• _Input data_:
=-=-=-=-=

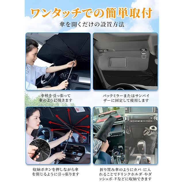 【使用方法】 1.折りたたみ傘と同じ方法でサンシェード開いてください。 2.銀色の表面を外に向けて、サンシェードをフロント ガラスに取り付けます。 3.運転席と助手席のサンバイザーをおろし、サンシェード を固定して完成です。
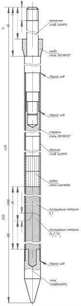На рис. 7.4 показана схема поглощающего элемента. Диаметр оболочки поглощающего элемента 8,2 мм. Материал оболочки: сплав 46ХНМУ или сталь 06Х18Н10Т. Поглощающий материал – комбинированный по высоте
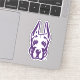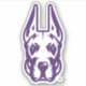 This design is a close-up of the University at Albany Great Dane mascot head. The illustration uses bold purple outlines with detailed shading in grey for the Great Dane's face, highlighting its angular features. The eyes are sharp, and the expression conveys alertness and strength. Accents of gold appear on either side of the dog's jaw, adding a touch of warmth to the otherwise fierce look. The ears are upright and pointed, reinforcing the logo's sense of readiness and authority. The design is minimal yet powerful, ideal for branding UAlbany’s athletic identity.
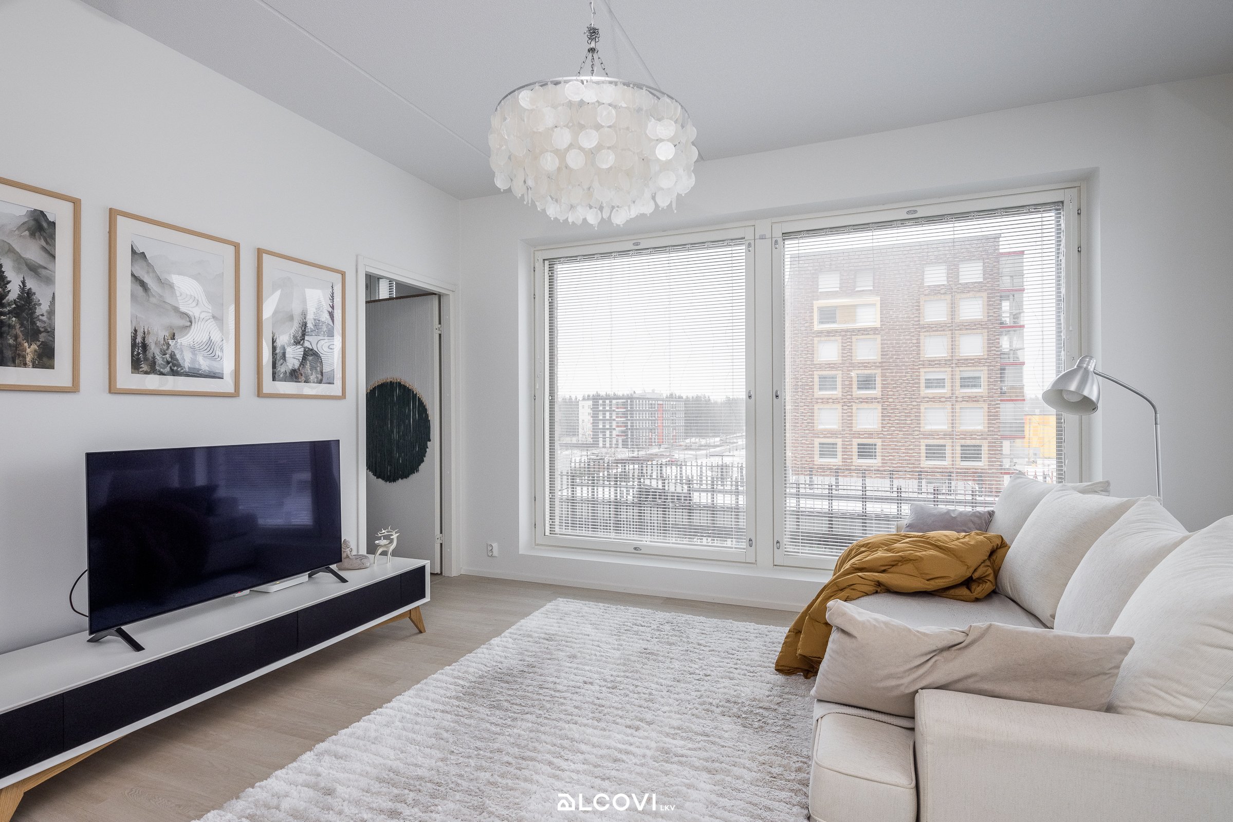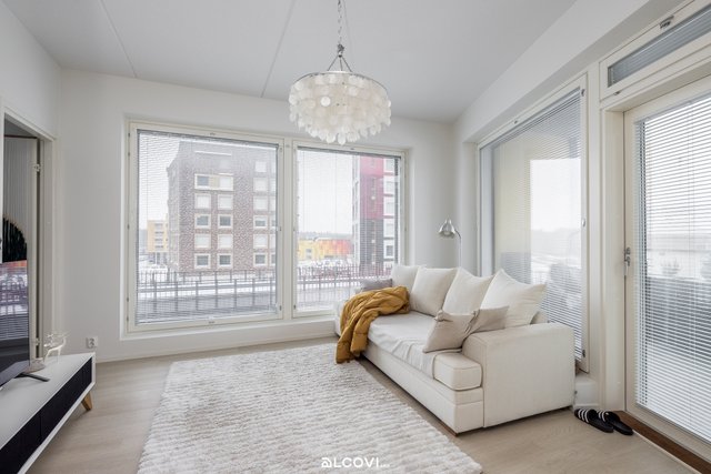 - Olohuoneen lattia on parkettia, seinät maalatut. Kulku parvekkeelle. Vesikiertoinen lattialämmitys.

=-=-=-=-=

Repeat the listing above exactly from its first line to the line containing "На рис. 7.4", both included, and omit the pictures.

 【使用方法】 1.折りたたみ傘と同じ方法でサンシェード開いてください。 2.銀色の表面を外に向けて、サンシェードをフロント ガラスに取り付けます。 3.運転席と助手席のサンバイザーをおろし、サンシェード を固定して完成です。
На рис. 7.4 показана схема поглощающего элемента. Диаметр оболочки поглощающего элемента 8,2 мм. Материал оболочки: сплав 46ХНМУ или сталь 06Х18Н10Т. Поглощающий материал – комбинированный по высоте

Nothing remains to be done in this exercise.